Excluding any images, copy all of the lines below precisely as written.

• **Information supplied**
--- START ---

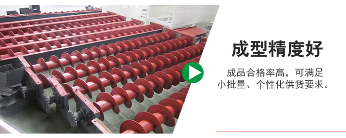 4、 與連軋技術(shù)相比,成型精度好,成品合格率高,可滿足小批量、個性化供貨要求,特別適用于大規(guī)格,大厚度及耐磨鋼、不銹鋼材料的螺旋葉片生產(chǎn)。
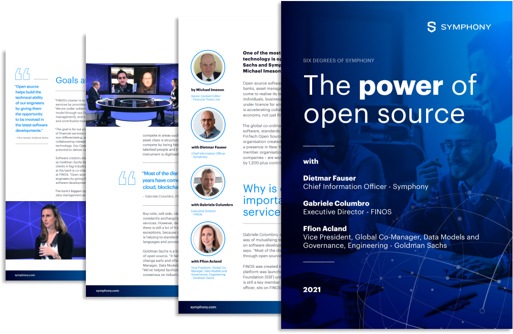 Download the in-depth article discussing the adoption and innovation of open source, with a perspective from Symphony, Goldman Sachs and FINOS. Learn how open source helps build the technical ability of engineers, and why it’s the driving force behind disruptive innovations such the cloud, blockchain and big data.
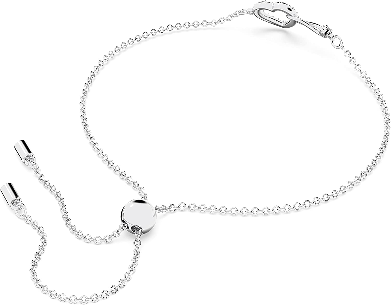 Items delivered: 1 x Swarovski Infinity bracelet for women, 9 3/8 inch rhodium plated chain, white crystal infinity symbol with crystal pavé heart and simple bolo closure, with Swarovski bracelet box
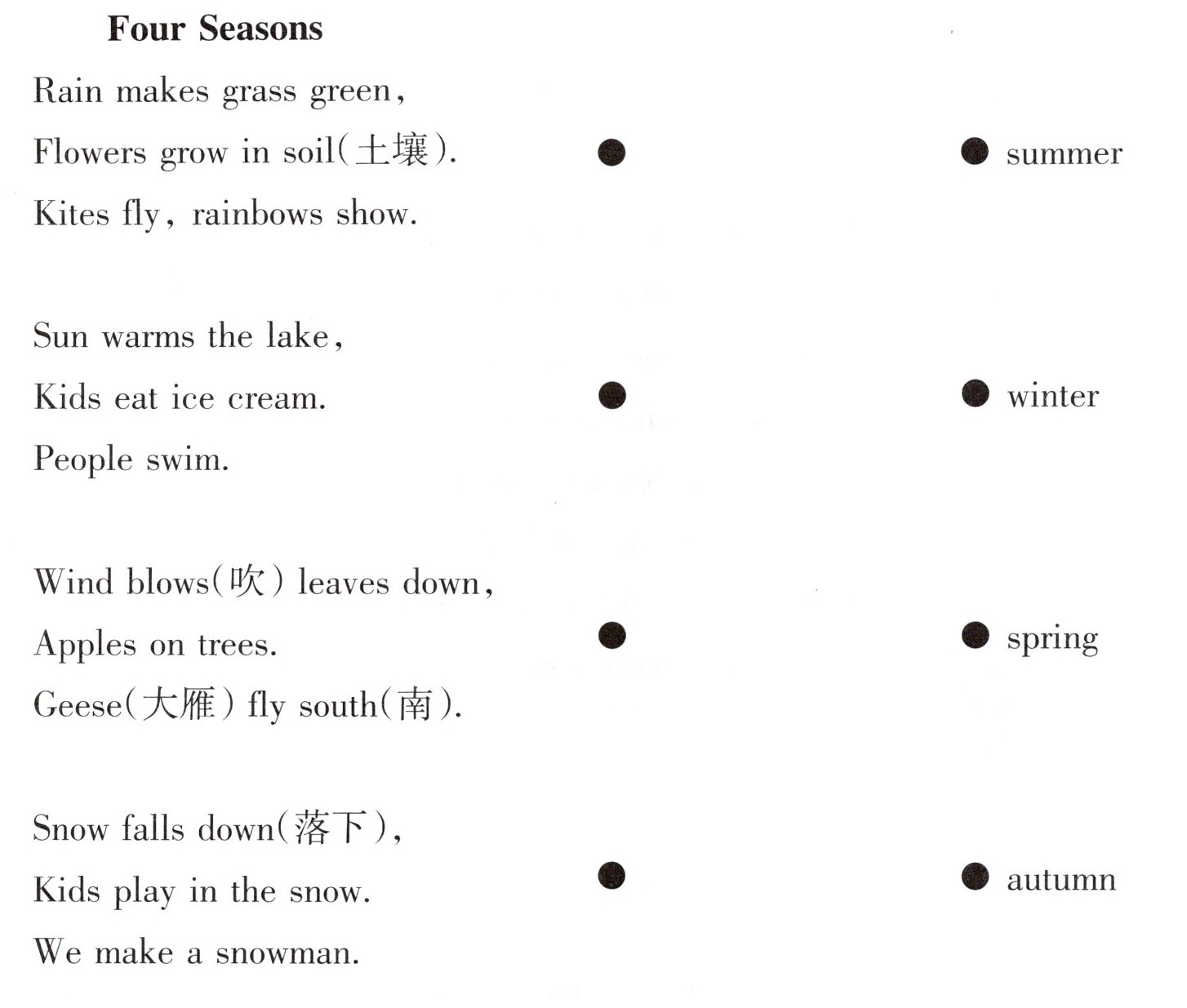 Ⅲ. Read and match. (阅读小诗,将季节和每段诗文连线。)
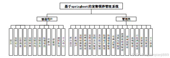 系统架构图属于系统设计阶段,系统架构图只是这个阶段一个产物,系统的总体架构决定了整个系统的模式,是系统的基础。宠物领养管理系统的整体结构设计如图4-2所示。
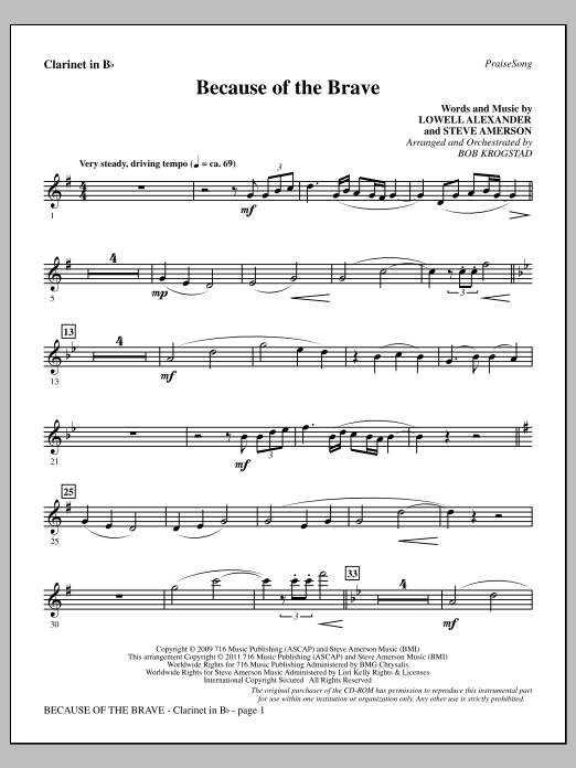 Download or print Bob Krogstad Because Of The Brave - Clarinet sheet music, chords and digital score arranged for Choir Instrumental Pak. This Patriotic score includes 2 page(s).
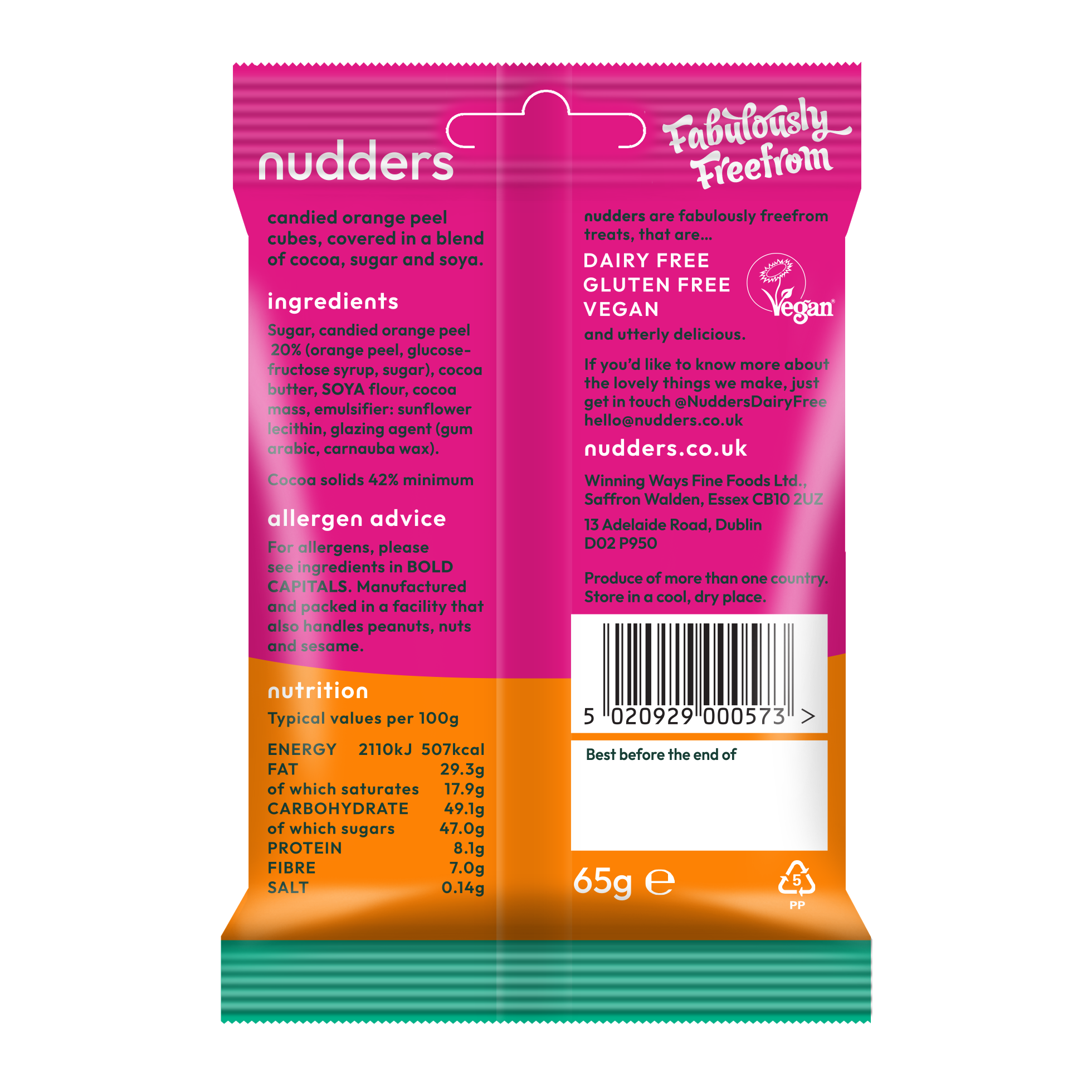 Forbidden fruit, squeezed inside dairy-free chocolate balls. Irresistible orangy bits that get under your skin and leave you wanting to binge the whole lot in one go. Fabulously freefrom nudders. Orange is the new black.

--- END ---

• **Solution to the problem**
 4、 與連軋技術(shù)相比,成型精度好,成品合格率高,可滿足小批量、個性化供貨要求,特別適用于大規(guī)格,大厚度及耐磨鋼、不銹鋼材料的螺旋葉片生產(chǎn)。
 Download the in-depth article discussing the adoption and innovation of open source, with a perspective from Symphony, Goldman Sachs and FINOS. Learn how open source helps build the technical ability of engineers, and why it’s the driving force behind disruptive innovations such the cloud, blockchain and big data.
 Items delivered: 1 x Swarovski Infinity bracelet for women, 9 3/8 inch rhodium plated chain, white crystal infinity symbol with crystal pavé heart and simple bolo closure, with Swarovski bracelet box
 Ⅲ. Read and match. (阅读小诗,将季节和每段诗文连线。)
 系统架构图属于系统设计阶段,系统架构图只是这个阶段一个产物,系统的总体架构决定了整个系统的模式,是系统的基础。宠物领养管理系统的整体结构设计如图4-2所示。
 Download or print Bob Krogstad Because Of The Brave - Clarinet sheet music, chords and digital score arranged for Choir Instrumental Pak. This Patriotic score includes 2 page(s).
 Forbidden fruit, squeezed inside dairy-free chocolate balls. Irresistible orangy bits that get under your skin and leave you wanting to binge the whole lot in one go. Fabulously freefrom nudders. Orange is the new black.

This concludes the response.